Mediasi pada 13 Januari 2025 gagal mencapai kesepakatan. UMITRA awalnya mengizinkan dokumentasi pekerjaan keesokan harinya, namun saat tim hukum Novianti datang, mereka dihadang satpam dan dilarang masuk. Jurnalis yang mencoba meliput juga dihalangi.
“Kami kecewa, ini menghalangi hak hukum kami dan kebebasan pers serta justru pihak keamanan yang awalnya memprovokasi sehingga terjadi salah paham dan keributan,” ujar Novianti. Insiden ini memicu perdebatan dan menyoroti tindakan UMITRA yang dianggap menghambat proses hukum serta transparansi.
Namun, dalam rilis pers pada 21 Februari 2025, pihak UMITRA melalui Humas Agus Setiyo menyatakan bahwa tuntutan tersebut merupakan bentuk “pemerasan”—klaim yang dibantah keras oleh Novianti.
“Kami melihat dan menilai unggahan yang dilakukan oleh akun-akun tersebut sebagai bagian dari upaya pembunuhan karakter dan kriminalisasi terhadap saya pribadi dan klien kami,” ujarnya.
*Dasar Hukum dan Proses Penyelidikan*
Laporan tersebut, didasarkan pada Pasal 27A juncto Pasal 45 Ayat (1) UU Nomor 1 Tahun 2024 tentang Perubahan Kedua UU ITE, yang mengatur larangan penyebaran konten bermuatan penghinaan dan pencemaran nama baik.
Novianti menyatakan keyakinannya terhadap profesionalisme penyidik dalam menangani perkara ini.
“Saya percaya aparat penegak hukum akan bekerja secara objektif, transparan, dan sesuai ketentuan SOP prosedur hukum. Saya berharap kasus ini dapat menjadi contoh bahwa penggunaan media sosial harus tetap dalam koridor hukum,” ucapnya.
*Dampak Media Sosial dan Imbauan bagi Masyarakat*
Kasus ini menyoroti fenomena penyebaran informasi yang tidak terverifikasi di media sosial. Penyalahgunaan platform digital dapat berujung pada konsekuensi hukum bagi pihak yang terlibat.

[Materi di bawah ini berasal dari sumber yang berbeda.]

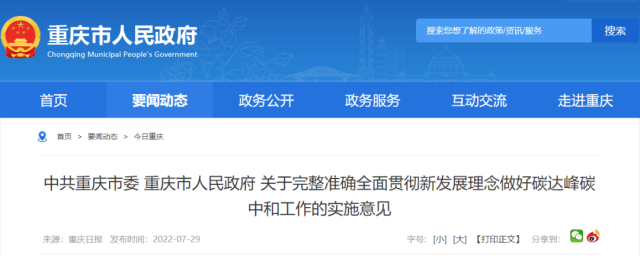 7月29日,中共重慶市委、重慶市人民政府出臺(tái)關(guān)于完整準(zhǔn)確全面貫徹新發(fā)展理念做好碳達(dá)峰碳中和工作的實(shí)施意見(以下簡(jiǎn)稱“意見”)。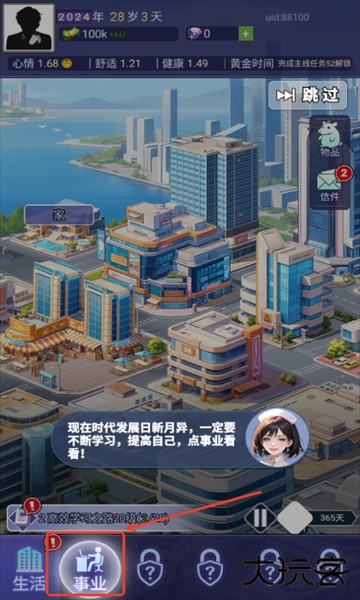 2、重视【事业】板块,时代发展迅速,需不断学习提升自我,点击相关功能入口,规划事业发展路径,解锁更多游戏内容。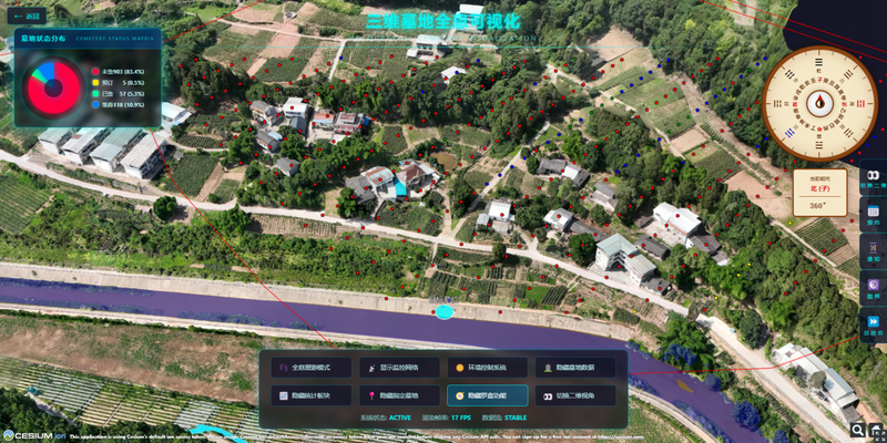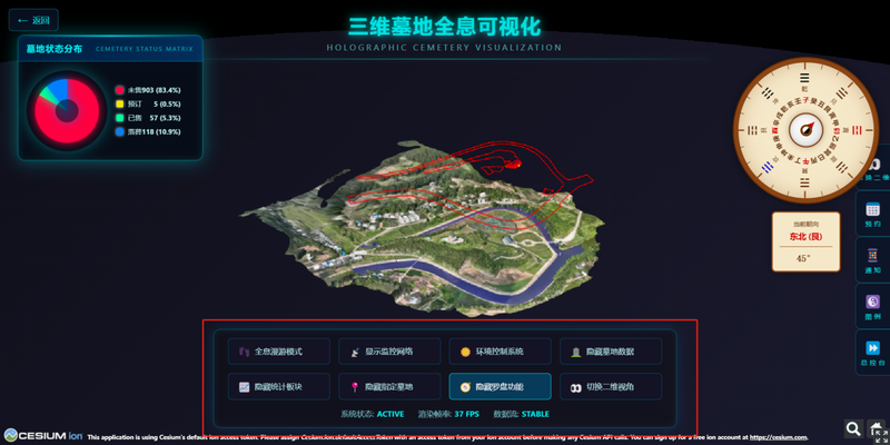 立体地图:Cesium.js渲染城市三维模型,直观展示墓位地点,地形风水等等。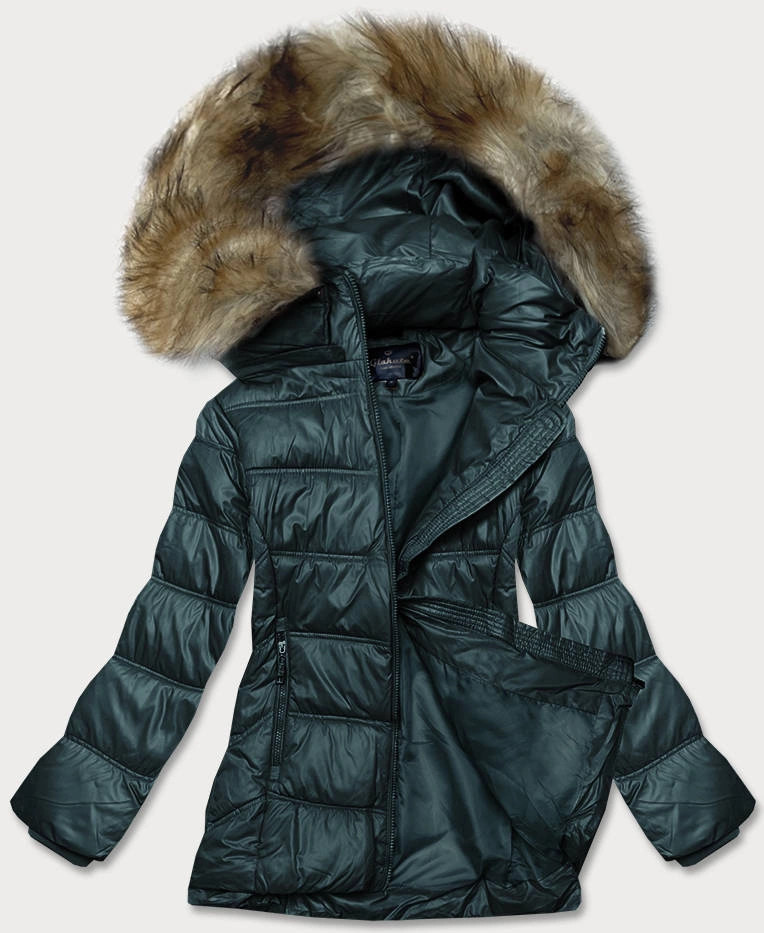 Tmavo zelená dámska prešívaná bunda vhodná pre sezónu (H-205) odstíny zelené L (40)

Novianti mengajak masyarakat untuk lebih bijak dalam bermedia sosial dan tidak mudah terprovokasi oleh informasi yang belum jelas kebenarannya.
“Media sosial bukan tempat untuk menghakimi seseorang tanpa adanya dasar hukum yang jelas dan fakta peristiwa secara utuh. Saya berharap kasus ini menjadi pembelajaran agar kita semua lebih berhati-hati dalam menyebarkan informasi lewat elektronik, terutama jika berkaitan dengan tuduhan terhadap individu atau institusi,” katanya.
Ia juga mengingatkan bahwa menyebarkan informasi yang bersifat fitnah dapat dikenakan sanksi hukum sesuai dengan ketentuan yang berlaku.
*Tindak Lanjut Kasus*
Dengan pelaporan kepada pihak berwajib, perkembangan kasus tersebut akan terus dipantau serta Novianti berharap agar hukum dapat ditegakkan secara adil dan transparan. Novianti juga menegaskan bahwa langkah hukum yang diambil bukan sekadar membela haknya, tetapi juga demi menegakkan keadilan dan memastikan kepastian hukum.
“Saya mengajak jurnalis (insan pers) serta publik untuk terus mengawal kasus ini agar proses hukum berjalan transparan dan tidak ada pihak yang dirugikan. “Kami berharap hukum ditegakkan dengan adil. Kasus ini juga menjadi pengingat bahwa media sosial harus digunakan secara bertanggung jawab, agar tidak merugikan orang lain atau menimbulkan konsekuensi hukum,” pungkas Novianti.